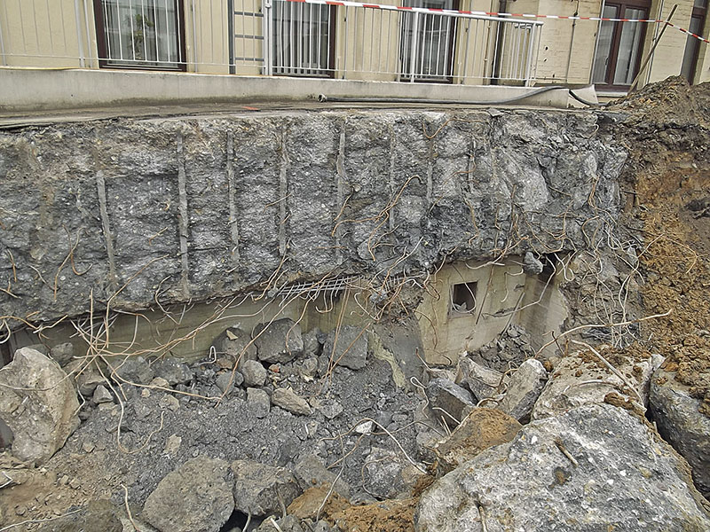 Nach einigen Gesprächen mit Bau-Haag begannen die Laarakkers-Mitarbeiter mit zehn Versuchsbohrungen Ø 40 m/m. Die Bohrungen wurden dann, in Abständen von 0,3 m bis 0,5 m und Bohrtiefen von ca. 1,8 m bis 1,9 m gebohrt. Einen Tag nach dem Verfüllen der Versuchsbohrungen konnten aufgrund des gerissenen Betons dann die Lochabstände für den Abbruch der Bunkerdecke mit Betonamit festgelegt werden. Die Bohrungen wurden wie bei den meisten Abbrucharbeiten mit Betonamit am Tag gebohrt und vor Feierabend mit Betonamit verfüllt. Während die Spezialisten von Laarakkers in den Feierabend gingen, arbeitete das Betonamit über Nacht und zeigte morgens das gewünschte Ergebnis. Mit Geräten konnten dann die gebrochenen Teile der Betondecke gelöst und im Anschluss neue Bohrungen für den nächsten Abbruchabschnitt erstellt werden. Dieser Vorgang wurde so lange wiederholt, bis die Betondecke zerstört war. Im Anschluss war es möglich, mittels Betonzange und ohne Erschütterung die bei weitem nicht so starken Bunkerwände abzubrechen.
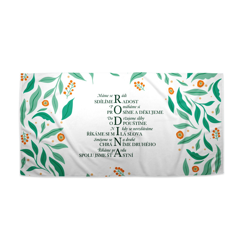 Ručník s originálním motivemPotisk se nachází na vrchní straně ručníku, který je 100% polyester. Spodní strana je čistě bílá 100% bavlna. Tento motiv nabízíme ve třech velikostech a to 30x50 cm, 50x100 cm nebo 70x140 cm. Je vyroben z měkkého, příjemného materiálu. Vyniká povrchovou úpravu proti tvoření žmolků. Okraje jsou prošívané.Ručník doporučujeme prát při teplotě 40°C, neškrobit a nesušit.(velikost se může lišit o +- 5 %)
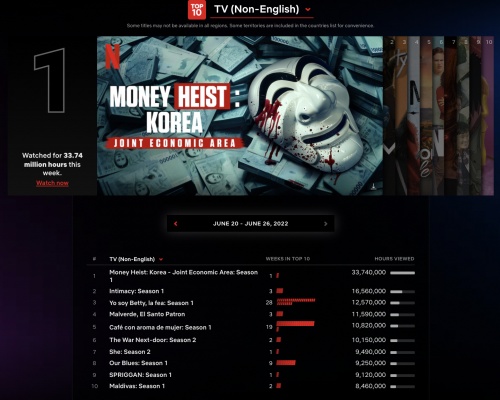 (画像=Netflix TOP 10)『ペーパー・ハウス・コリア』がTV部門(非英語)で世界1位に
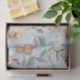 Para los regalos más bonitos, un papel higiénico de inspiración vintage de florales en rosa y crema dusky, sobre un fondo azul polvo.

**DIRECTIONS:** Only the lines from the one with "(画像=Netflix TOP 10)『ペーパー・ハウス・コリア』がTV部門(非英語)で世界1位に" through the last line above belong in the answer. Reproduce them exactly, without the pictures.

**YOUR RESPONSE:**
 (画像=Netflix TOP 10)『ペーパー・ハウス・コリア』がTV部門(非英語)で世界1位に
 Para los regalos más bonitos, un papel higiénico de inspiración vintage de florales en rosa y crema dusky, sobre un fondo azul polvo.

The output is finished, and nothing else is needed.